Input material:
Start of Block

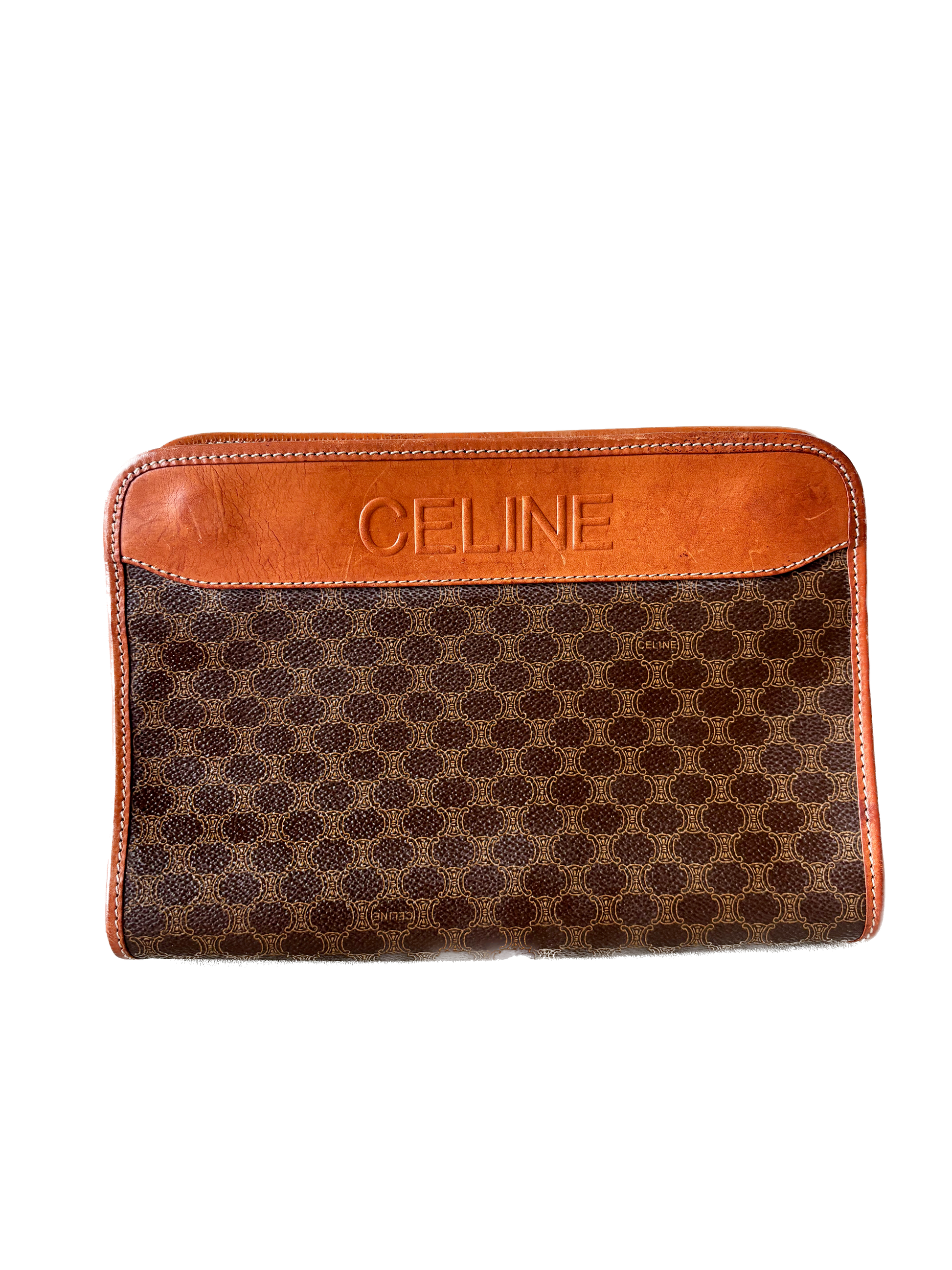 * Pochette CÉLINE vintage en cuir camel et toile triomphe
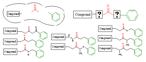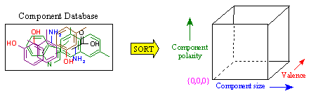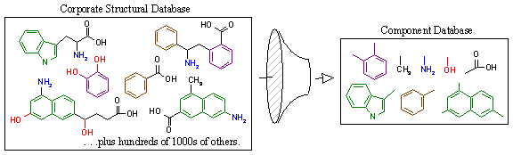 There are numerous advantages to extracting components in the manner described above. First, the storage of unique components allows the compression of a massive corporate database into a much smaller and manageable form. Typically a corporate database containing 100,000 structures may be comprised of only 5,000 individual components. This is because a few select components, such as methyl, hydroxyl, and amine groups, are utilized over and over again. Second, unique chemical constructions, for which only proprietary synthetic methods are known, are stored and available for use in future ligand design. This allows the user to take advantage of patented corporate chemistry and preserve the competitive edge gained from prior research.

End of Block
Start of Block

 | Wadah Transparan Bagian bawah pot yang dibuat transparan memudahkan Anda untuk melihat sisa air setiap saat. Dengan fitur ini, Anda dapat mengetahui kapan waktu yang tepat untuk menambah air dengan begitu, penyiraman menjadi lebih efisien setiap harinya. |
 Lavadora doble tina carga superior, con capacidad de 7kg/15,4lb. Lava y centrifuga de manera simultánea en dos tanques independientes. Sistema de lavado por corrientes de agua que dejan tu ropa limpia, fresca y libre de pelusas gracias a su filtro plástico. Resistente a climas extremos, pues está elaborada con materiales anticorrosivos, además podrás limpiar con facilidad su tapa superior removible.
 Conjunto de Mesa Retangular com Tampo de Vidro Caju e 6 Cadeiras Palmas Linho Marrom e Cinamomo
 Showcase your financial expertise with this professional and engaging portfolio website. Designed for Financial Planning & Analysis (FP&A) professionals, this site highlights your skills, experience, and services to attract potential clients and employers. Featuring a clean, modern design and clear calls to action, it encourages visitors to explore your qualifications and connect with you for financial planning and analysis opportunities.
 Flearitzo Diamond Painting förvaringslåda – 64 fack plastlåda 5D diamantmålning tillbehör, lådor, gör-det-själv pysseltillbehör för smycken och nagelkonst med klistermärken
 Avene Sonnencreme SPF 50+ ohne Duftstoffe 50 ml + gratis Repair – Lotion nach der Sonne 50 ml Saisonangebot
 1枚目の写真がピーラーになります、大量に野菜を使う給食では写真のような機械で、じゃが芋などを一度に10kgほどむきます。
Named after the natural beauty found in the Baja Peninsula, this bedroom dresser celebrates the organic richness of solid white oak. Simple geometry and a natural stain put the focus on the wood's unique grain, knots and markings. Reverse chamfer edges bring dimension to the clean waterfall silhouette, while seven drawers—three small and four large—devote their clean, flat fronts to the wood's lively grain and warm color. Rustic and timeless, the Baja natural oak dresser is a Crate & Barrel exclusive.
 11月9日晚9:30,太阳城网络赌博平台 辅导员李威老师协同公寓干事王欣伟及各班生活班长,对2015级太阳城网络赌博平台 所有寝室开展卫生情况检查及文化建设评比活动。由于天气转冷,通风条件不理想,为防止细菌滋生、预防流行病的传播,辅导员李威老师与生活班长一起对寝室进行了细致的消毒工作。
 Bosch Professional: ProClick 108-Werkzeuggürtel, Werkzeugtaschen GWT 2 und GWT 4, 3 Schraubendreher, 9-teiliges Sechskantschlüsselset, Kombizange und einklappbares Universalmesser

End of Block

Work item: Copy every line in the data above that has the string "clean" in it.

Solution for this exercise:
 Showcase your financial expertise with this professional and engaging portfolio website. Designed for Financial Planning & Analysis (FP&A) professionals, this site highlights your skills, experience, and services to attract potential clients and employers. Featuring a clean, modern design and clear calls to action, it encourages visitors to explore your qualifications and connect with you for financial planning and analysis opportunities.
Named after the natural beauty found in the Baja Peninsula, this bedroom dresser celebrates the organic richness of solid white oak. Simple geometry and a natural stain put the focus on the wood's unique grain, knots and markings. Reverse chamfer edges bring dimension to the clean waterfall silhouette, while seven drawers—three small and four large—devote their clean, flat fronts to the wood's lively grain and warm color. Rustic and timeless, the Baja natural oak dresser is a Crate & Barrel exclusive.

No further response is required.